Julie Andrews is club’s secret weapon

By Iain Ramage and Jonny Muir

Published: 27/08/2009

Songs from The Sound of Music are being used as unlikely weapons in the battle against unruly youngsters in Inverness.

Youth club leaders play songs from the 1960s musical starring Julie Andrews when youngsters refuse to leave a city community centre at the end of weekly club nights.

When My Favourite Things and The Hills Are Alive come blasting out of the centre’s stereo, the youngsters run for the door. Nursery rhymes have also been used to clear out the building, leading to a similar mass exodus.

The tactics are being used at the end of youth club evenings at Hilton Community Centre in Oldtown Road, Hilton, on Thursdays. Hilton councillor John Finnie said: “It’s a fascinating use of music and seems to do the trick. We have to hope the youngsters don’t suddenly develop a taste for musicals.”

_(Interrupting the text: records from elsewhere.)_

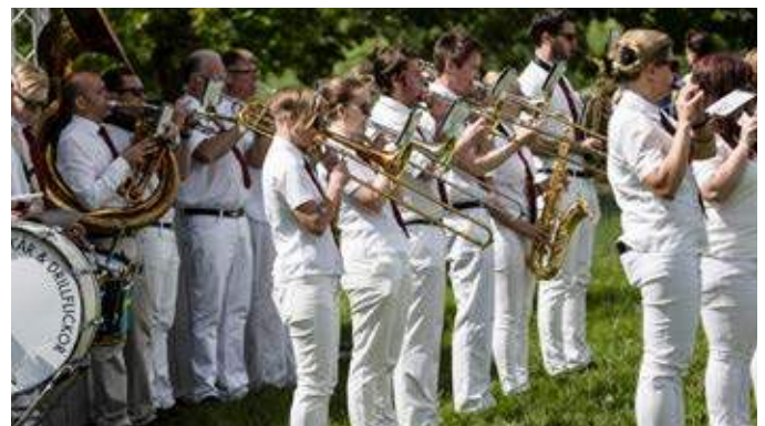
2017 firade Gärdstensbostäder 20-årsjubileum tillsammans med Gärdstensborna den 10 juni.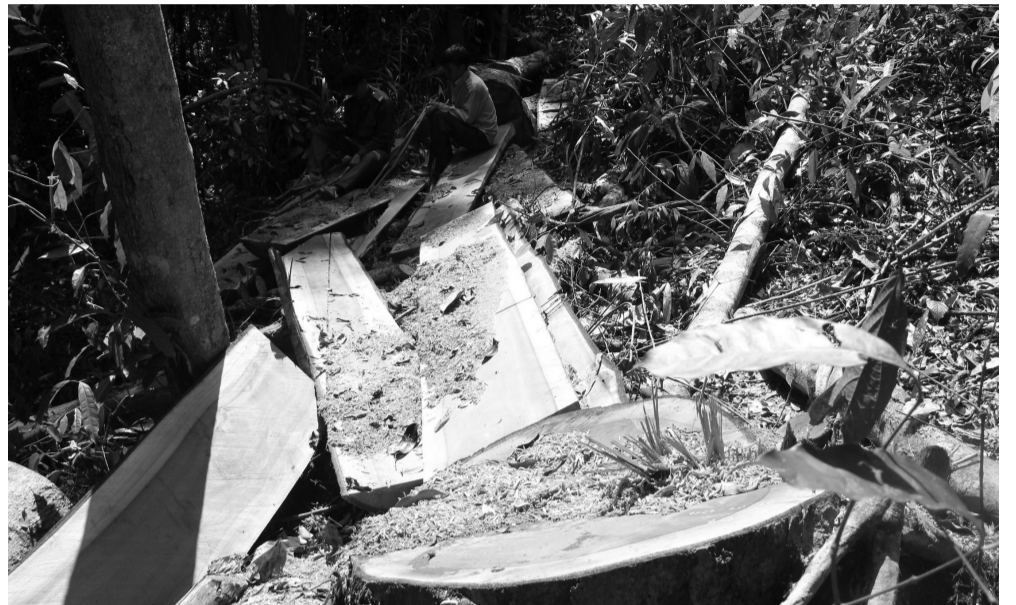
Một trong những nguyên nhân lớn dẫn đến BĐKH mạnh là do xâm hại tài nguyên thiên nhiên.

Tại Đà Lạt, nhiệt độ trung bình trong khoảng thời gian từ năm 2005 đến năm 2010 là 18,23°C; trong khoảng thời gian từ 2011 đến 2014 là 18,3°C; từ 2012 đến 2014, nhiệt độ có xu hướng giảm qua từng năm. Theo Báo cáo Xây dựng kế hoạch hành động ứng phó với BĐKH tỉnh Lâm Đồng năm 2012, nhiệt độ trung bình năm ở Bảo Lộc từ 1980 đến 2011 có xu thế tăng với tốc độ khoảng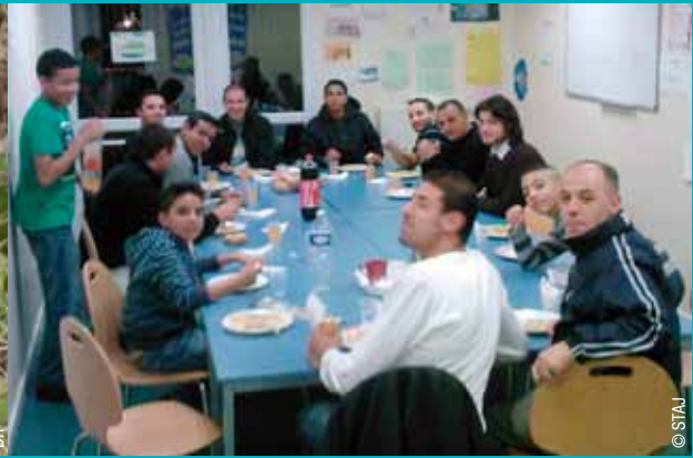
Réunion préparatoire au départ.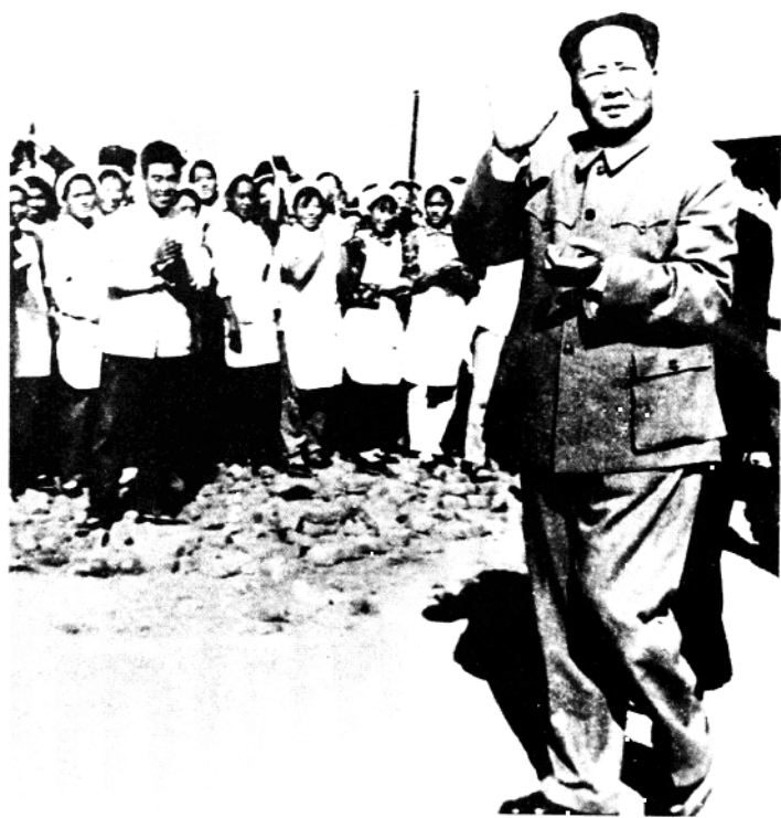
1959年9月24日，毛泽东主席视察邯郸时， 在国棉二厂接见邯郸纺织工人。

The belief is the tunes are so unpopular with hip, modern-thinking youngsters that those who previously refused to leave at the end of the night are now happy to go home at the 10pm closing time.

The club, which offers activities from football and basketball to computer games, has become increasingly popular, attracting up to 30 secondary pupils each week.

The six people who staff the venue have suffered regular verbal abuse, however, and even threats from a small number of youngsters, in particular at “going home” time, prompting the ingenious “exit procedure”.

Centre spokeswoman Gillian Simpson said: “It’s actually proving quite successful. They go ‘oh no’, so we no longer have to encourage them to leave.”

She added: “We were having a few problems at exit time.

“It was probably from simply stopping their enjoyment. But we all have beds to go home to at some point, so this seems to be working quite satisfactorily.”